The fund, which was introduced at the Tallinn Black Nights Film Festival's European Film Forum industry event, announced its first three investments and plans to make at least 15 equity investments in Estonian and foreign film projects in the next four years.
Rain Rannu, manager of the Tallifornia Film Fund, told FNE that the fund will invest “progressively more depending on the traction and success of the first projects” each year. “Each of our current investments is between 100,000 EUR – 200,000 EUR per project.”
“The fund is open to films from Estonia as well as from other countries.” Rannu added that the fund is also supporting projects that are not part of the production company’s own output. “In fact two out of our first three announced investments are not Tallifornia productions.”
“The fund is built on a vision that great films can come from anywhere,” Rannu continued. “All films we invest in should have a potential audience larger than their home country. Estonian films that are made only for the Estonian market may not be a good fit for us.”
Tallifornia Film Fund is designed to work alongside existing public funding, tax credit and local film funding schemes, and supplement them by adding an additional equity investment component to the mix. It will support projects by both experienced film-makers and younger or debuting filmmakers.
“We finance ambitions and creatively interesting film projects that have a potential to reach wider than their home country,” Rannu said.
The fund will invest in up to five films in its first year, and has already selected its first three investments.

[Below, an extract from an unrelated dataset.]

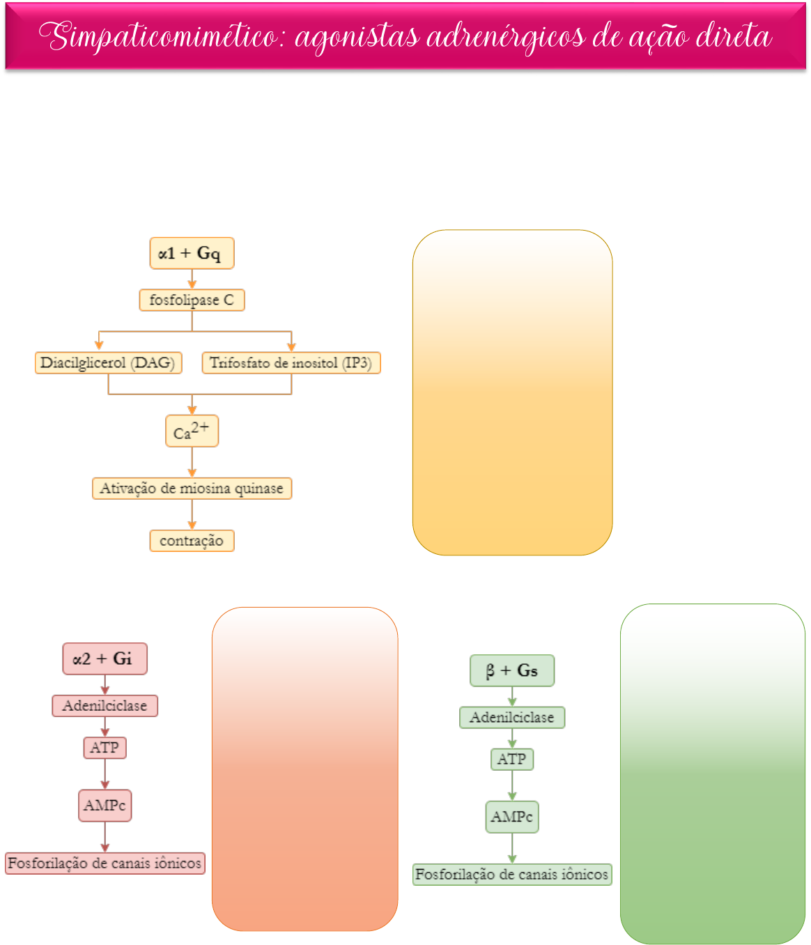 - simpatomiméticos: são fármacos que imitam a função dos componentes simpáticos, ou seja, mimetizam a ação da noradrenalina e da adrenalina. Receptores adrenérgicos são acoplados à proteína G Todos esses receptores são acoplados à proteína G Cada receptor tem afinidade por uma classe de proteína G Os efeitos dependem da ação de segundos mensageiros e da atividade de canais iônicos Um agonista quando acoplado a um adrenorreceptor alfa- 1 ativa a proteína associada a Gq, levando à formação de DAG e IP3, e consequentemente ocorre aumento de cálcio intracelular, permitindo a ativação de miosina quinase e promovendo contração. Um agonista quando acoplado a um adrenorreceptor alfa-2 faz com que ocorra dissociação da proteína G inibitória, inibindo o adenilciclase, reduzindo níveis de ATP e de AMPc e, consequentemente reduzindo a fosforilação de canais iônicos. Um agonista quando acoplado a um adrenorreceptor beta, faz com que ocorra ativação da proteína G acoplada, ativando adenilciclase, aumentando níveis de ATP e de AMPc e, consequentemente favorecendo a fosforilação de canais iônicos. α: norepinefrina > epinefrina > isoprenalina β: isoprenalina > epinefrina > norepinefrina Efeitos da ativação dos receptores: α₁ - vasoconstrição, relaxamento da musculatura lisa gastrointestinal, secreção salivar e glicogenólise hepática; α₂ - inibição da liberação de neurotransmissores, causada pela abertura de canais de K+ e e inibição dos canais de Ca2+; agregação plaquetária, contração de músculo liso vascular, inibição da liberação de insulina; β₁ - aumento da frequência e da força de contração cardíaca, hipertrofia cardíaca tardia; β₂ - broncodilatação, vasodilatação, relaxamento da musculatura lisa visceral, glicogenólise hepática e tremores musculares; β₃ - lipólise e termogênese, relaxamento do músculo detrusor da bexiga. Subtipo Localização α1 Vasos de resistência α2 Pré-sinápticos β1 Coração β2 Brônquios e vasos (músculos esqueléticos) β3 Células adiposas Epinefrina/adrenalina: - afinidade relativa - α₁ = α₂; β₁ = β₂ - uso clínico: Choque anafilático: vasopressoras mais potente + Anestésicos locais: vasoconstrição prolonga efeito Asma (emergência): relaxamento ML brônquico Parada cardíaca: força de contração, DC, PA sistólica - efeitos adversos: Hipertensão Vasoconstrição Taquicardia/arritmias Tremor Cefaleia pulsátil - observação: Ineficaz quando administração por via oral O seu metabolismo ocorre no fígado pela MAO e COMT Norepinefrina/noradrenalina - afinidade relativa - α₁ = α₂; β₁ >> β₂ ↑ PA, Resistência Periférica Total (RPT), por conta de muita ação em α1 e β1 ↑ FC: efeito superado pela atividade vagal - Usos clínicos: Choque cardiogênico/séptico ↑ ou mantém a PA em UTIs + Anestésicos locais - efeitos adversos: Hipertensão Vasoconstrição Taquicardia Dopamina - afinidade relativa - D1 = D2 >> β >> α - precursor metabólico da norepinefrina - Doses <2 g/kg/min: D1 vasculares renais, mesentéricos e coronarianos = ↑ AMPc = vasodilatação - Doses 2-10 g/kg/min: inotropismo positivo - Ineficaz via oral (metabolizada) - Via intravenosa: bomba de infusão (lentamente) Em baixas doses (<2 g/kg por min) atua predominantemente sobre os receptores dopaminérgicos D1 nos leitos vasculares renal, mesentérico e coronariano. Ativam a adenilil ciclase nas células musculares lisas vasculares, resultando em aumento dos níveis de cAMP e em vasodilatação. ↑ Taxa de filtração glomerular e fluxo sanguineo renal, efeitos farmacologicamente apropriados no tratamento de estados de baixo débito cardíaco associados ao comprometimento da função renal, como a insuficiência cardíaca congestiva grave. Com uma velocidade suprafisiológica de infusão (2-10 g/kg por min), a dopamina atua como agente inotrópico positivo através da ativação dos receptores b1-adrenérgicos. Antes de administrar DA a pacientes em estado de choque, deve-se corrigir a hipovolemia com infusão de sangue total, plasma ou outro líquido apropriado. - Uso clínico: Insuficiência renal; Insuficiência cardíaca congestiva grave; Choque cardiogênico/séptico - Efeitos adversos: Vômitos; Náuseas; Arritmias; Vasoconstrição periférica. Isoprenalina (isoproterenol) - afinidade relativa; - β1 = β2 > > >> α - Não possui seletividade, é uma das suas desvantagens e motivo pelo qual é pouco usada clinicamente; - Sua ação em receptores α é insignificante; - produz intensa estimulação cardíaca, aumentando a frequência, a contratilidade e o débito e é um potente broncodilatador, mas seu uso foi substituído por b2 seletivos; - Infusão intravenosa lenta e contínua. - Uso clínico (hospitalar): ↑ força e frequência de contração, DC, PA (compensada com vasodilatação/β2 (↓ RPT); Emergências bradicárdicas; Pacientes com arritmia ventricular; - Efeitos adversos: Taquicardia; Arritmias Dobutamina: - afinidade relativa; - β1 > β2 > > >> α - aumenta o débito cardíaco e o volume sistólico, habitualmente sem aumento pronunciado da frequência cardíaca. A pressão arterial e a frequência cardíaca podem aumentar significativamente durante a administração de dobutamina, exigindo redução da velocidade de infusão. - Seletividade para β1; - Efeito + inotrópico que cronotrópico = ↑ contratilidade, DC e volume sistólico; - infusão intravenosa lenta e contínua; - Uso clínico: Descompensação cardíaca após cirurgia cardíaca ou vascular; Insuficiência cardíaca ou infarto agudo do miocárdio; Choque cardiogênico ou séptico; - Efeitos adversos: Aumento da pressão arterial; Aumento da frequência cardíaca; Fenilefrina, Oximetazolina, Nafazolina, Metaraminol - afinidade relativa; - α1 > α2 >>>>> β -considerável seletividade por α1; - Uso clínico: Descongestão nasal; Midriáticos em formulações oftálmicas; Exam

They include the Estonia/Germany/UK coproduction Sentinel by Oscar-nominated director Tanel Toom, which has recently completed shooting; Invisible Fight, a wild kung-fu comedy which takes place in an Orthodox monastery in the Soviet Union in the 1970s, by writer-director Rainer Sarnet, a coproduction of Estonia, Latvia, Germany, Finland and Greece, and produced by Katrin Kissa (Homeless Bob Productions); and Infinite Summer by Spanish-Estonian director Miguel Llansó, a transhumanist mystery romp in one Estonian Summer produced by Tallifornia and Savage Rose (USA).
All three films are expected to be released in 2023.
“Tallifornia Film Fund gives the producers wonderful opportunities to combine private equity with state support and foreign investments. It is a big step ahead for Estonian film industry, also - it is truly great to see that the fund is open for both - young and more seasoned film makers.” Ivo Felt, one of the producers of Sentinel commented on the initiative.
Tallifornia Film Fund is managed by Rain Rannu, who has a background in filmmaking, entrepreneurship and investments, and Tõnu Hiielaid, co-founder and producer at Tallifornia. The fund is entirely financed from private capital with participation from Estonian investors.